## DATASET EXCERPT
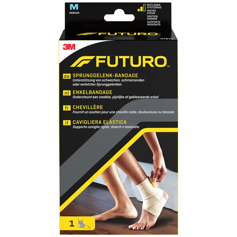 Futuro Opaska stabilizująca staw skokowy rozmiar M to wyrób medyczny, zapewniający ochronę stawu przy osłabieniu, bólach i urazach kostki.
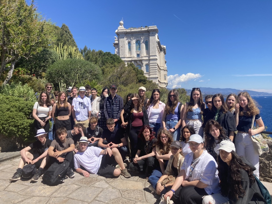 Vom 23. April bis zum 29. April 2023 verbrachten die Klassen 5A und 5C eine Projektwoche in Frankreich an der Côte d’Azur. Wir hatten die Möglichkeit, eine Woche lang die schöne Küste Südfrankreichs zu erkunden und an spannenden Projekten teilzunehmen. Dabei wurden die Schwerpunkte der Klassen berücksichtigt - so besuchte die 5A mit naturwissenschaftlichem Schwerpunkt Workshops im Ozeanographischen Museum in Monaco sowie in einem botanischen Garten, während die 5C auch Französischunterricht vor Ort hatte.
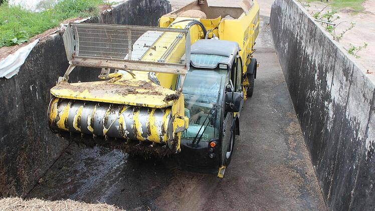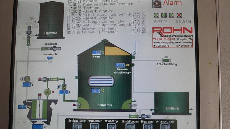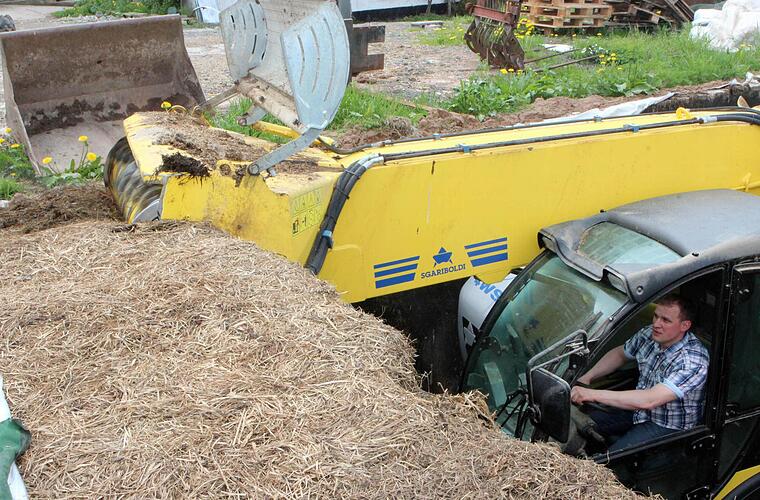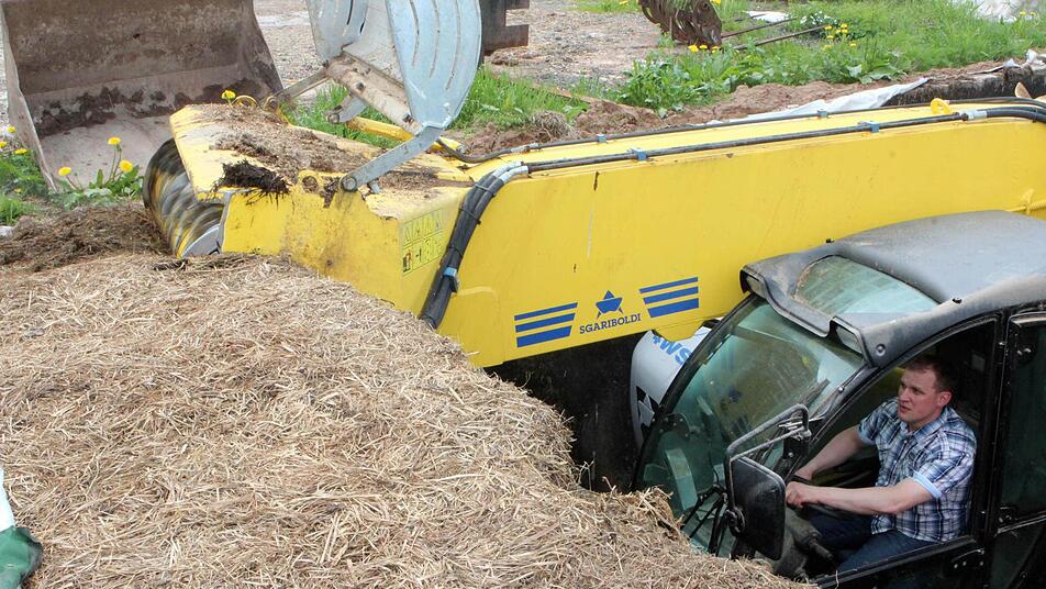 Die Motoren stehen in einem unscheinbaren Gebäude neben der Vorgrube. Diese misst sieben Meter im Durchmesser und drei Meter in der Tiefe. Dort wird die Biomasse gerührt und vorfermentiert, bevor sie durch einen Häcksler in den Fermenter zur Gasgewinnung gepumpt wird.

## AIM OF THE TASK
Reproduce, with the pictures omitted, exactly those lines that run from the line with "Vom 23. April" to the last line of the material, both ends included.

## ANSWER
 Vom 23. April bis zum 29. April 2023 verbrachten die Klassen 5A und 5C eine Projektwoche in Frankreich an der Côte d’Azur. Wir hatten die Möglichkeit, eine Woche lang die schöne Küste Südfrankreichs zu erkunden und an spannenden Projekten teilzunehmen. Dabei wurden die Schwerpunkte der Klassen berücksichtigt - so besuchte die 5A mit naturwissenschaftlichem Schwerpunkt Workshops im Ozeanographischen Museum in Monaco sowie in einem botanischen Garten, während die 5C auch Französischunterricht vor Ort hatte.
 Die Motoren stehen in einem unscheinbaren Gebäude neben der Vorgrube. Diese misst sieben Meter im Durchmesser und drei Meter in der Tiefe. Dort wird die Biomasse gerührt und vorfermentiert, bevor sie durch einen Häcksler in den Fermenter zur Gasgewinnung gepumpt wird.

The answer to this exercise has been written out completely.